§ GIVEN DATA:
========

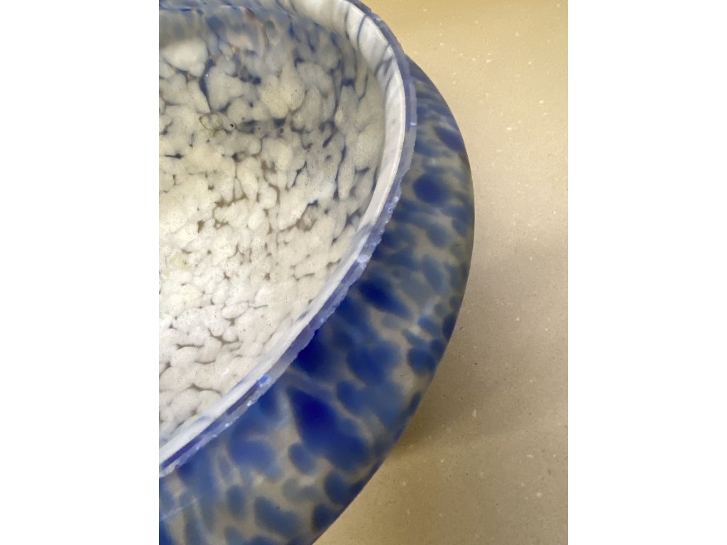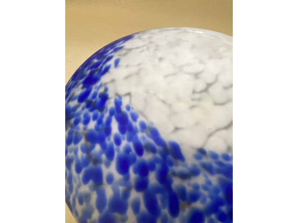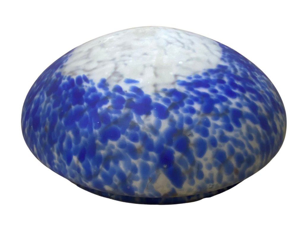 Antikové stropní stínidlo , rozměry viz. foto. Stínidlo vyrobené technikou tzv. brokového skla. Tato technika spočívá ve vyválení rozehřátého skla v drobných skleněných úlomcích („brocích“), které se následně roztaví a vytvoří charakteristický skvrnitý nebo žíhaný vzor.
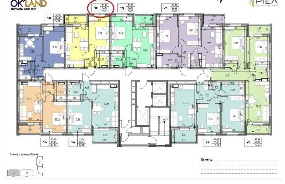 Квартира знаходиться у внутрішній частині поверху, без бічних стін, що межують із вулицею.
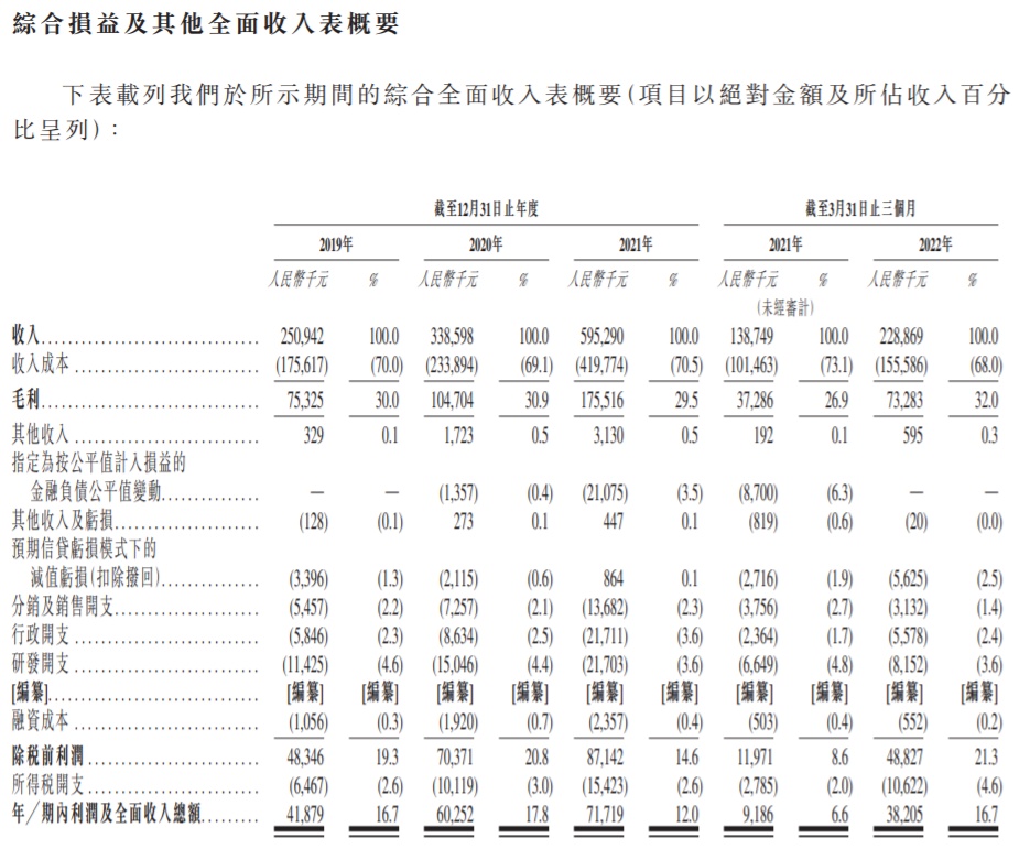 财务方面,截至2019-2021年12月31日止年度,公司收入分别约2.51亿元, 3.39亿元及5.95亿元(人民币,下同),毛利分别约为7532.5万元,1.05亿元及1.76亿元;净利分别约为4187.9万元,6025.2万元及7171.9万元。

========

§ WHAT IS BEING ASKED:
All of the data above should be printed again exactly, though none of the pictures belong in the copy.

§ OUTPUT OF THE TASK:
 Antikové stropní stínidlo , rozměry viz. foto. Stínidlo vyrobené technikou tzv. brokového skla. Tato technika spočívá ve vyválení rozehřátého skla v drobných skleněných úlomcích („brocích“), které se následně roztaví a vytvoří charakteristický skvrnitý nebo žíhaný vzor.
 Квартира знаходиться у внутрішній частині поверху, без бічних стін, що межують із вулицею.
 财务方面,截至2019-2021年12月31日止年度,公司收入分别约2.51亿元, 3.39亿元及5.95亿元(人民币,下同),毛利分别约为7532.5万元,1.05亿元及1.76亿元;净利分别约为4187.9万元,6025.2万元及7171.9万元。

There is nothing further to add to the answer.